My change requires a change to the documentation.
I have updated the documentation accordingly.
I have added tests to cover my changes.
All new and existing tests passed.

7.7.1 causes this issue under Windows: https://dev.vaadin.com/ticket/20285

…tions), ontology option in UI

# Conflicts: # pom.xml # rdfunit-commons/pom.xml # rdfunit-core/pom.xml # rdfunit-core/src/test/resources/org/aksw/rdfunit/validate/data/owl/ontology.ttl # rdfunit-examples/pom.xml # rdfunit-io/pom.xml # rdfunit-junit/pom.xml # rdfunit-manual-tests/pom.xml # rdfunit-model/pom.xml # rdfunit-validate/pom.xml # rdfunit-w3c-dqv/pom.xml

coveralls · 2018-12-01T19:00:41Z

Coverage decreased (-2.2%) to 55.936% when pulling 9281c12 on fix/updateVaadin into d96c328 on master.

jimkont · 2018-12-03T08:10:34Z

rdfunit-commons/src/main/resources/org/aksw/rdfunit/configuration/autoGeneratorsOWL.ttl

-	                                    ?C1 rdf:type/rdfs:subClassOf* ?C2 .
-	                                    FILTER ( ?C2 IN (rdfs:Literal, rdf:langString, rdfs:Datatype, owl:DatatypeProperty))
+	                                    ?D1 rdf:type/rdfs:subClassOf* ?C3 .
+	                                    FILTER ( ?C3 IN (rdfs:Literal, rdf:langString, rdfs:Datatype, owl:DatatypeProperty))


good catch 👍

jimkont

overall this is a great contribution, thanks a lot @chile12 !!!

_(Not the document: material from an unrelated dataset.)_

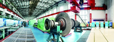 沿着红色大道,走进苏式建筑的办公楼,踩着水磨石楼梯,进入连廊,一件件老物件摆放在连廊区的展柜里:二十世纪五六十年代的操作证、工作证、洗澡证等各类证件、饭盒,以及印有俄文的设备铭牌都在向参观者讲述着过去的故事。走过展区,经过电力文化长廊就进入“汽轮机检修实操间”,也就是过去的设备车间。5台大型汽轮机组静静地躺在车间里。大型转子以及印有俄文的1号汽轮发电机还原着当时车间的原貌。操作间外地面上刻着“中苏友好”“自力更生”等标语被玻璃罩保护着,整个车间从中苏共建的1号机组到自建的4号机组和地面的标语刻字,反映新中国成立初期苏联的历史援建和在没有外援的情况下自力更生自建机组的发展过程。一个车间还原一段历史,再现了二十世纪五六十年代的历史变迁与电力文化特色。
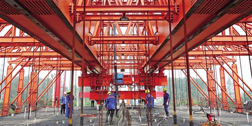 八月二十九日,常泰长江大桥江苏常州段公路引桥首个连续箱梁开始浇筑,标志着全线上部结构施工开始。陈 暐摄(中经视觉)

This PR covers a lot of features that almost all are good to go except from two remarks:

the test results need to be reverted back to LIst (from Set) for conformance to shacl and
the automatic following of owl:imports probably needs to be moved one lever higher to avoid possible additional test geneartion and execution time

rdfunit-core/src/test/java/org/aksw/rdfunit/validate/integration/OwlIntegrationTest.java

rdfunit-io/src/main/java/org/aksw/rdfunit/io/reader/RdfReaderFactory.java

rdfunit-model/src/main/java/org/aksw/rdfunit/model/impl/results/TestExecutionImpl.java

jimkont · 2018-12-04T05:25:36Z

rdfunit-core/src/main/java/org/aksw/rdfunit/prefix/LOVEndpoint.java

+     * @param redirects - list of established redirects which led to this point
+     * @return - the optional content location
+     */
+    private Optional<String> getContentLocation(String urlStr, SerializationFormat format, ArrayList<String> redirects){


The code here looks very useful, would worth considering reusing it in the rdfunit-io module / RdfReader and we re-use it all sort of dereferencing we do. I'll make an issue for tracking this after this get's merged

jimkont · 2018-12-04T05:36:09Z

rdfunit-core/src/main/java/org/aksw/rdfunit/sources/SchemaSource.java

 /**
 * @author Dimitris Kontokostas
 * @since 9/16/13 1:51 PM
 */
 @ToString
-@EqualsAndHashCode(exclude={"model", "schemaReader"})
+@EqualsAndHashCode(exclude={"model", "schemaReader", "imports"})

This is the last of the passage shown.